In short, the concept of judicial review took deep roots in India even prior to the coming into force of the Constitution. The forum was the ordinary civil court, the procedure was an ordinary civil suit. The only restriction in terms of Order 27 A was that notice was to be given to the Attorney/Advocate General. During the British era, a large number of civil courts were established in different parts of British India, district centers. To the common man, justice was accessible at his door step, even to seek a declaration that an Act of the federal or state legislature was ultra vires. 70 years down since independence, such a relief can be sought, in reality, in a HC under Article 226 or in the SC under under Article 32. There is a misconception which has taken deep root that civil courts have no power of judicial review.

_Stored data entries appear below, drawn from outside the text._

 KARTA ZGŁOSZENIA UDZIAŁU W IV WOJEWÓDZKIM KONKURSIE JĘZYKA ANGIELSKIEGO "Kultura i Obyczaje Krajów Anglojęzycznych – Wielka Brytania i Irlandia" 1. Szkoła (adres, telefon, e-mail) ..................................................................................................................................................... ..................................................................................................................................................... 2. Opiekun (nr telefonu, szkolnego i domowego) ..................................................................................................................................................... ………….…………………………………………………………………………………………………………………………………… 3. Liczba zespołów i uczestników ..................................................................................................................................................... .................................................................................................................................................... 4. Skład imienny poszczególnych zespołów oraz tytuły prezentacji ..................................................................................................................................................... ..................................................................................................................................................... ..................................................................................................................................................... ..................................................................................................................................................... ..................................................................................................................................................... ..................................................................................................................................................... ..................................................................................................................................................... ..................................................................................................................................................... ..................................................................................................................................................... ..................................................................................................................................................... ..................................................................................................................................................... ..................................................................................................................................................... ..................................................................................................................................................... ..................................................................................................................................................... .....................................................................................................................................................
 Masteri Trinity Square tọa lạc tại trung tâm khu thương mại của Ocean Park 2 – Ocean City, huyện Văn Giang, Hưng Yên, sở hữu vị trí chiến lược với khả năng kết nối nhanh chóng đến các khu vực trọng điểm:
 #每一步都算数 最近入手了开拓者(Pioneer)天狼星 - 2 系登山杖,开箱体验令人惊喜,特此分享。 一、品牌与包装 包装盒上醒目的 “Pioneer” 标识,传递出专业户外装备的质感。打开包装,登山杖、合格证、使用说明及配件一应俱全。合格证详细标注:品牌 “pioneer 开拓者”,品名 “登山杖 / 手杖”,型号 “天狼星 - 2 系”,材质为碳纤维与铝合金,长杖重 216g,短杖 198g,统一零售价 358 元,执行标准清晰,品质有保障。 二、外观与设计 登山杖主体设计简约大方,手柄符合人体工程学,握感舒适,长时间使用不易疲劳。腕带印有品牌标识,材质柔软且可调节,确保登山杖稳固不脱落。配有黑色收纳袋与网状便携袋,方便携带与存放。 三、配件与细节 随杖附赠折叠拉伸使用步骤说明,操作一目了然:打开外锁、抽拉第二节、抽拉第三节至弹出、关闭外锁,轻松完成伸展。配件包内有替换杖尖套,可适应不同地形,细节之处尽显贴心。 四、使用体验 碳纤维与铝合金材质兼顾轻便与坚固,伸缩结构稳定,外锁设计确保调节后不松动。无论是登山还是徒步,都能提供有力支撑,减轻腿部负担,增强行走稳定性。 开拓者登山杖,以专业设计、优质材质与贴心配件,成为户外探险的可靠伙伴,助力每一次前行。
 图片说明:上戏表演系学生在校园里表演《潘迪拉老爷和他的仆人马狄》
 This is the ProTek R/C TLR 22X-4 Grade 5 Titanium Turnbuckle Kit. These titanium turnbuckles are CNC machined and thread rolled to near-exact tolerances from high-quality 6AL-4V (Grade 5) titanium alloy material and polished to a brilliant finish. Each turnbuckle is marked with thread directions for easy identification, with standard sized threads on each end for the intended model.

Such an argument was raised before the constitution bench in the Sabarimala case when its maintainability was questioned by the respondents who opposed the PIL of the activists whose plea was that the prohibition of entry into the shrine based on faith was unconstitutional (kindly see para 55 of CJI Deepak Mishra’s judgement). A PIL which created so much of unrest in Kerala came to be entertained because of the misconception that the civil court has no jurisdiction of a judicial review of a legislation.

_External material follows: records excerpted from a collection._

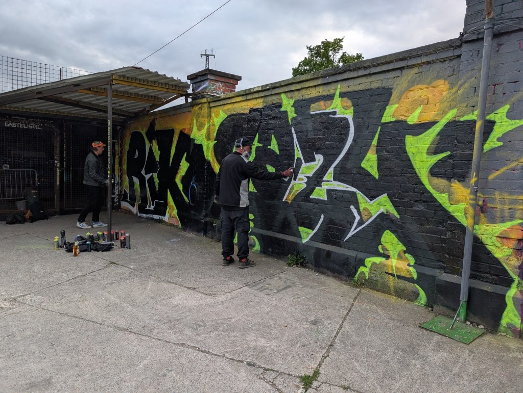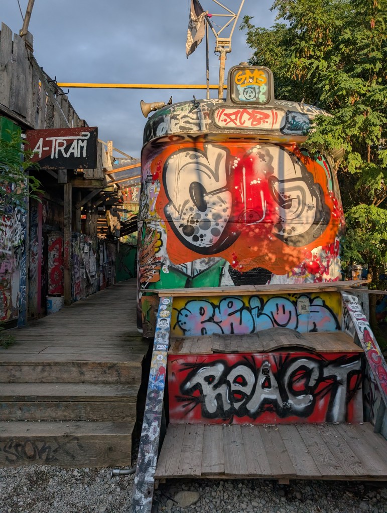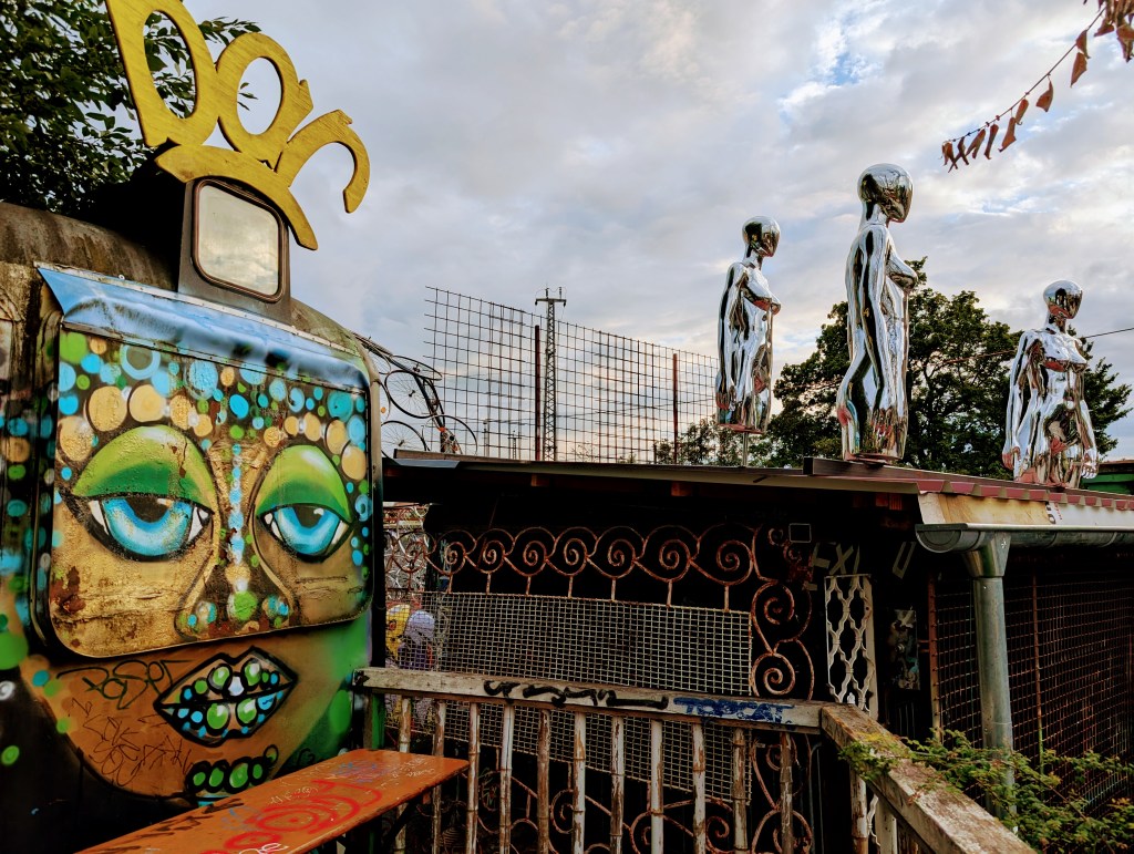 Just around the corner is the Bahnwaerter Thiel. I love an alternative art scene, and this graffiti decorated mix of shipping containers and old railroad cars definitely fit the genre. Open since 2015, it seems that the space is whatever the people who frequent it are inspired to add – from a container garden to metal sculptures to a new graffiti mural being painted as I watched. Like Alte Uttig, there are a few food stalls, bars, and live performances on site.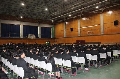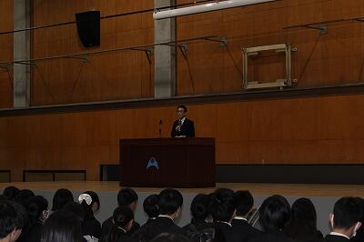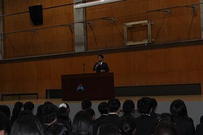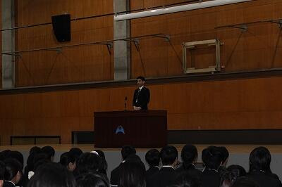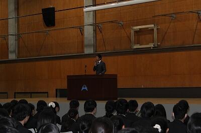 教務部長からは授業を「受ける」ではなく主体的に「臨む」意識をもって、毎日の授業を大切にしてほしいというお話、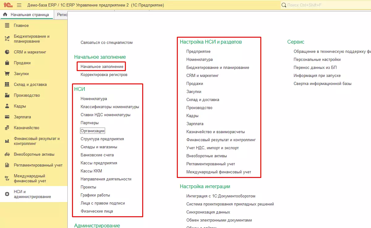 В статье рассматриваем разделы 1С:ERP Управление предприятием 2.5 (1С:ERP 2.5) в части первоначальных настроек программы.
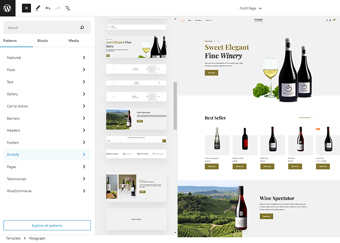 You will just have to click on ‘+’ sign on top left of your page or post, then you will see tab for “Pattern” click on that to see list of patterns. Under Scroll Down you will find “Drinkify” which will display list of our Drinkify pattern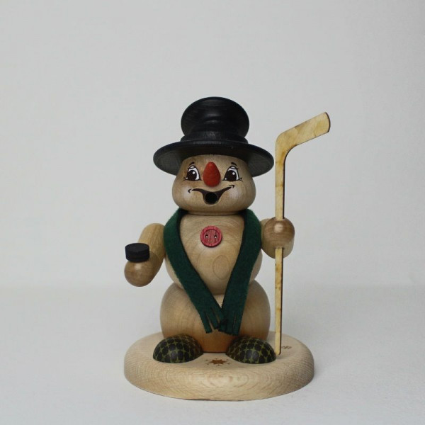 Schneemann Sigi klein Eishockey als Räuchermann natur Hergestellt im Erzgebirge by Kuhnert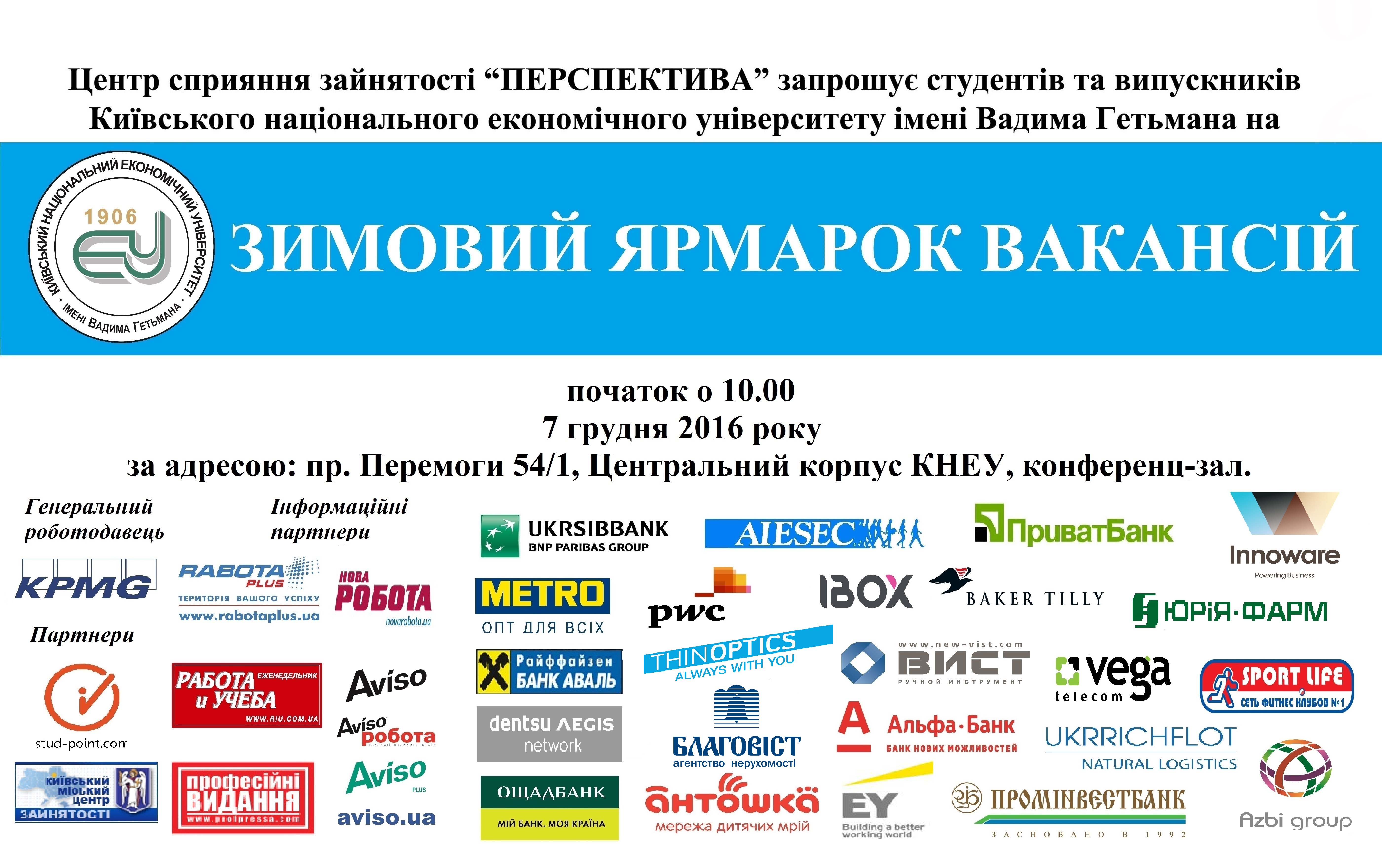 - 7 грудня 2016 року Центр "Перспектива" запрошує студентів та випускників КНЕУ ім. В.Гетьмана на квест «Зимовий ярмарок вакансій»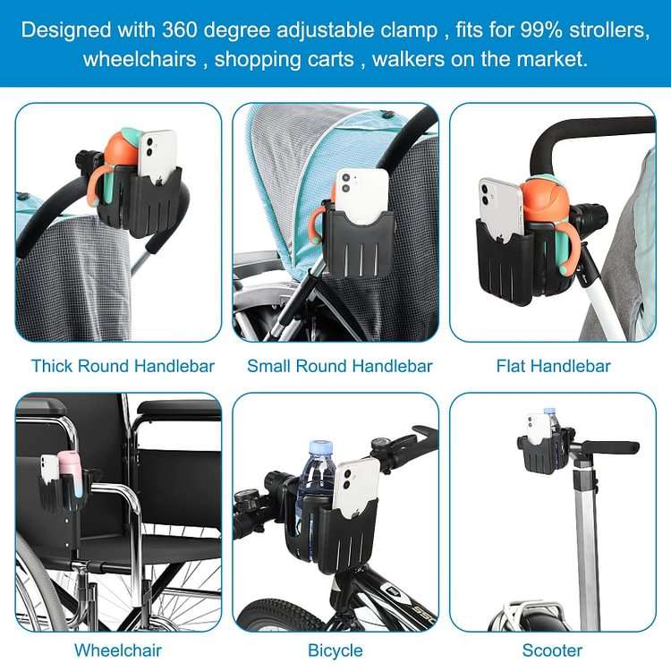 - The stroller cup holder with phone holder fits for most stroller, walker, wheelchair, bicycle, scooter, boat handle bar, shopping cart, kayak, ATV, motorcycle, treadmill etc.

To conclude, one must question if what I have written above is indeed correct, which nobody has so far questioned for I have raised these contentions many times in the past, how come such myths assume monstrous proportions. I consciously use the word monstrous because this misconception has denied crores of ordinary citizens living away from the state capitals and Delhi access to justice, so too, thousands and thousands of brilliant lawyers, most of them first generation, practicing in district centers to practice constitutional law. The elite lawyers in Delhi have created an aura of intellectual supremacy and the constitutional law a ‘rocket science’ they alone can learn and interpret. Under the constitutional scheme the Supreme court’s power to interpret the constitution is primarily as a court of appeal, save for a few exceptions. The real constitutional court is the civil court. HCs like Bombay, Calcutta, Madras and Delhi are invested of ordinary civil jurisdiction. Most of the HCs only exercise appellate jurisdiction. Apart from the conscious design of the elite class of lawyers to deprive the ordinary civil court of its jurisdiction as constitutional court, there is a mischief in the form of a proviso to Section 113 of the CPC, which was inserted after the constitution came into existence which requires the civil court to make a reference to the HC where the validity of any Act, ordinance, regulation is involved. The said proviso is to the detriment of the interest of the common citizen. But it is within the powers of the Parliament or state legislature to do so.Even if the proviso is not repealed, if we could kill the monstrous myth which I have dealt with above, then the suits challenging judicial review of legislation will be instituted in the ordinary civil courts. If that happens, Justice will be accessible to the common man.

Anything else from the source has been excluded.